Many of the people in the CS department at LeTourneau have recently joined Google Wave. Thus far we’ve used it as a planning resource for the campus ACM chapter, for setting up a new computer lab, and a method of communication in a software engineering course. Here are two quick things I’ve noticed about it.
Wave is for groups You can use it as a one-on-one communication tool, but it’s overkill. Nonetheless, it’s used for individual comms. The hesitation level for sending a message seems to be lower; only slightly higher than instant messaging. The barrier to add 3rd parties is also much lower; most two-party waves I’ve engaged in don’t stay that way for long. We’re rather social creatures, really.
Each wave has a structural limit I didn’t see this one coming, but it’s true. Once a wave passes about 150 posts, it is discarded and people start a new one. This seems to be for two reasons.
First, the Wave client turns to molasses in January at critical mass. Not an issue. It’s just software; clever people can fix it and Google has plenty of clever people.

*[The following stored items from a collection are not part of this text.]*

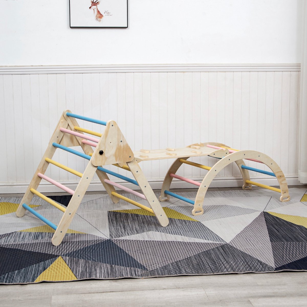 De Buxibo Klimset brengt een multifunctionele speelgym naar huis bestaande uit een opvouwbare driehoek, een klimboog en een helling met glijbaan. Het is een houten speeltoestel in zachte pastelkleuren dat gericht is op actief, creatief spel en ontwikkelingsgerichte activiteiten volgens Montessori-principes. Deze set is bedoeld voor jonge kinderen die motorische mogelijkheden willen ontdekken, klimmen en rollen in een veilige, binnenhuisomgeving.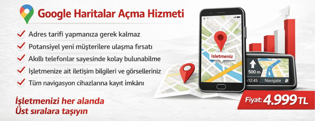 Google Maps üzerinden gelen müşteri trafiği; telefon aramaları, yol tarifi talepleri ve fiziksel ziyaretler olarak ölçülebilir sonuçlar sunar. Bu da Google Maps’i yalnızca bir harita uygulaması değil, işletmenizin büyümesini destekleyen stratejik bir dijital pazarlama kanalı haline getirir. Profesyonel Google Maps yönetimi, işletmenizin yerel pazarda güçlü, güvenilir ve ulaşılabilir bir marka olarak konumlanmasını sağlar.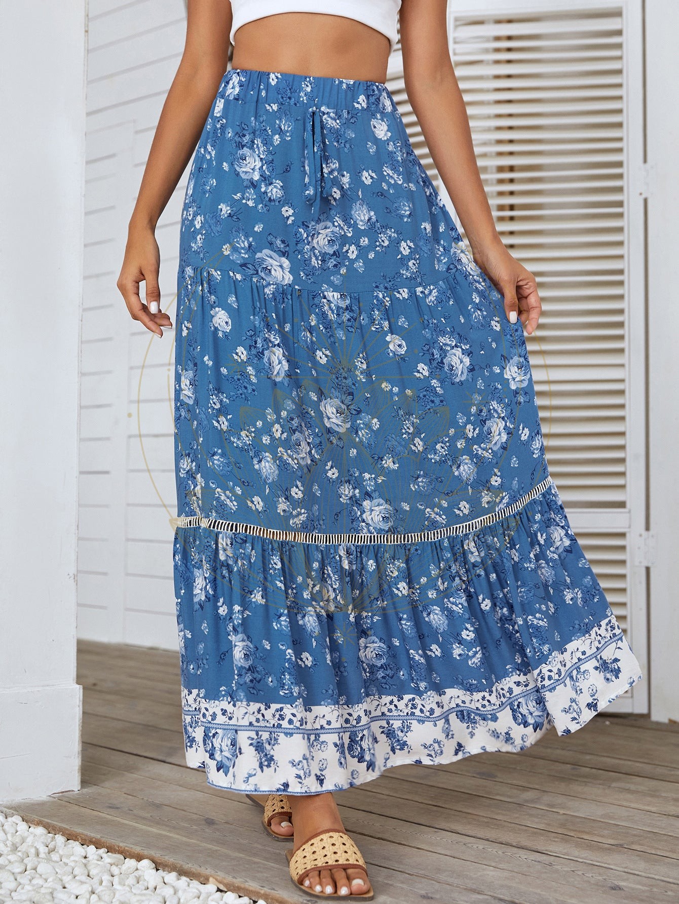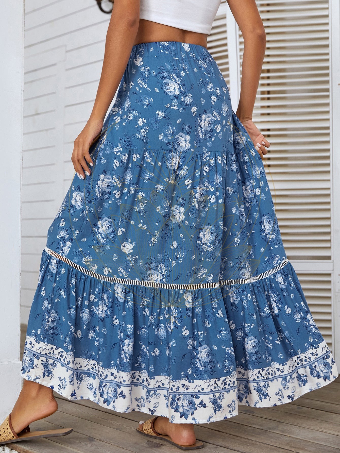 - Style : jupe longue, imprimés floraux, évasée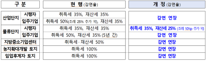 산업·물류단지, 중소기업, 농업·어업·임업 등에 대한 감면 지원을 연장한다.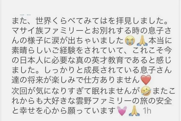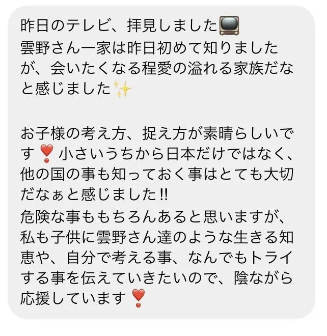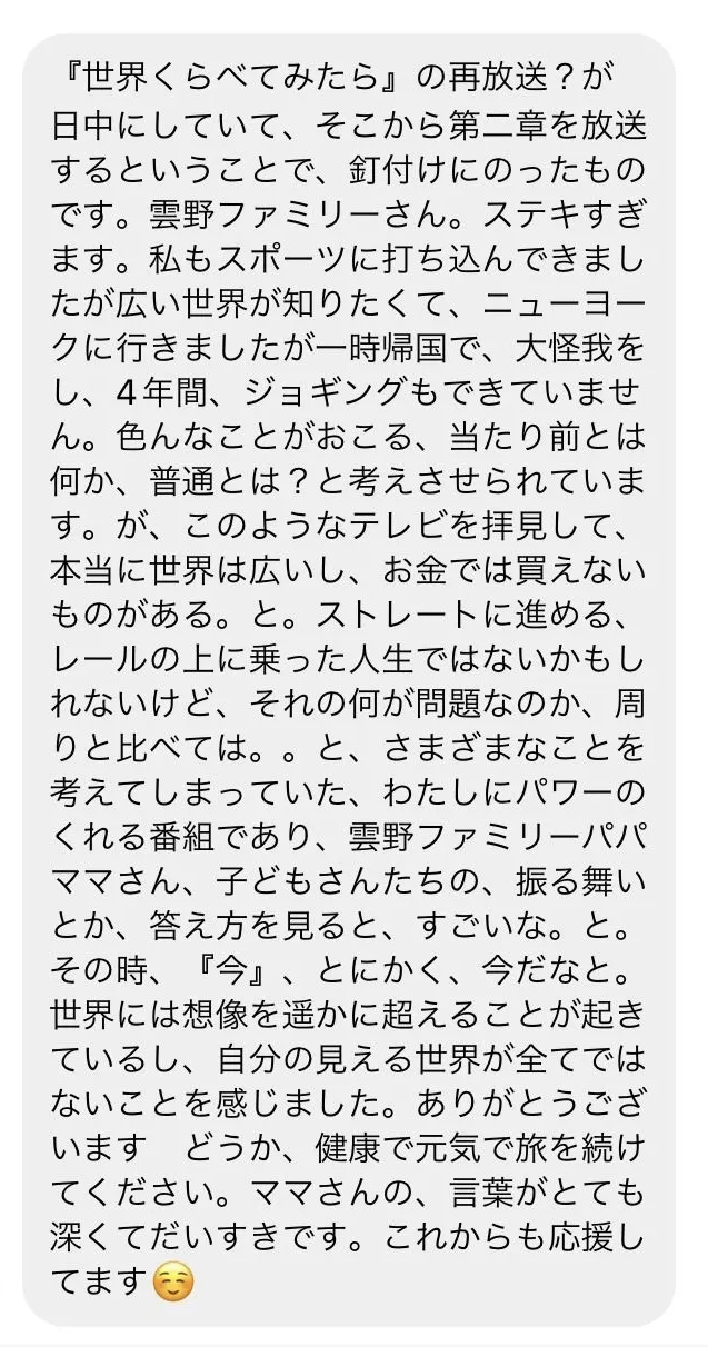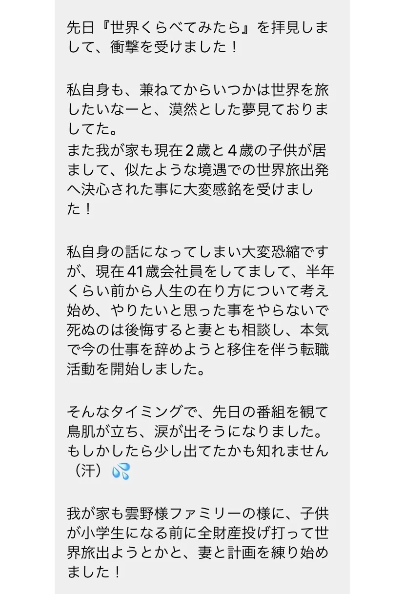 TBSで放送されている『世界くらべてみたら』を視聴された方やSNSのフォロワーさんから子連れ旅のことを知りたい、子どもの成長を見たい、生きる力をもらいました!と多くの応援、励ましの声をいただいております。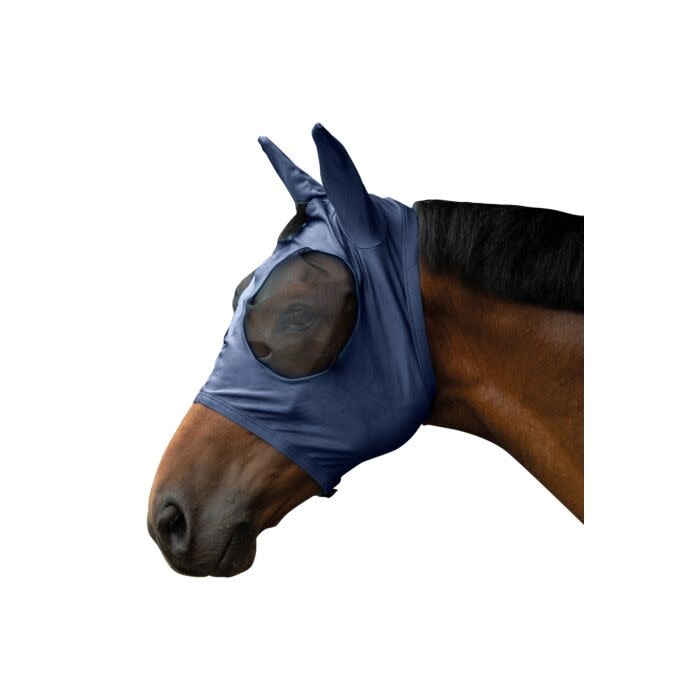 Het elastische vliegenmasker sluit dankzij de hoge elasticiteit nauw aan op het hoofd van het paard. Het ooggebied is bedekt met gaasstof, waardoor een veilige afstand tot de ogen van het paard wordt gewaarborgd. Dit beschermt de gevoelige oogzone tegen vliegen en insecten. Het vliegenmasker sluit onder het hoofd van het paard met een ritssluiting die vastgezet wordt met een drukknoop. Dit zorgt ervoor dat het vliegenmasker stevig op het paard blijft zitten. Een opening bij de voorlok optimaliseert de pasvorm nog verder. Het elastische vliegenmasker biedt een alternatief voor loszittende vliegenmaskers met klittenbandsluiting, die gemakkelijk van het hoofd van het paard kunnen glijden en bij sommige paarden zelfs schuurplekken kunnen veroorzaken.

Second, long waves are just harder to read. There may be useful information, but the signal to noise ratio just isn’t worth it. There’s this human element to it. You can edit other people’s documents, but editing and deleting other people’s conversations just feels wrong somehow. Wiki developers have figured this out and adapted by clearly distinguishing between articles and discussion while still maintaining a unity between them. Word processors have attempted to resolve the issue by using annotations. I suspect part of the problem here is that there’s often no clear distinction between what is raw information and what is not.
So, yep. Wave is right there with Wiki as far as exciting collaboration tools go. Just a few scaling issues right now.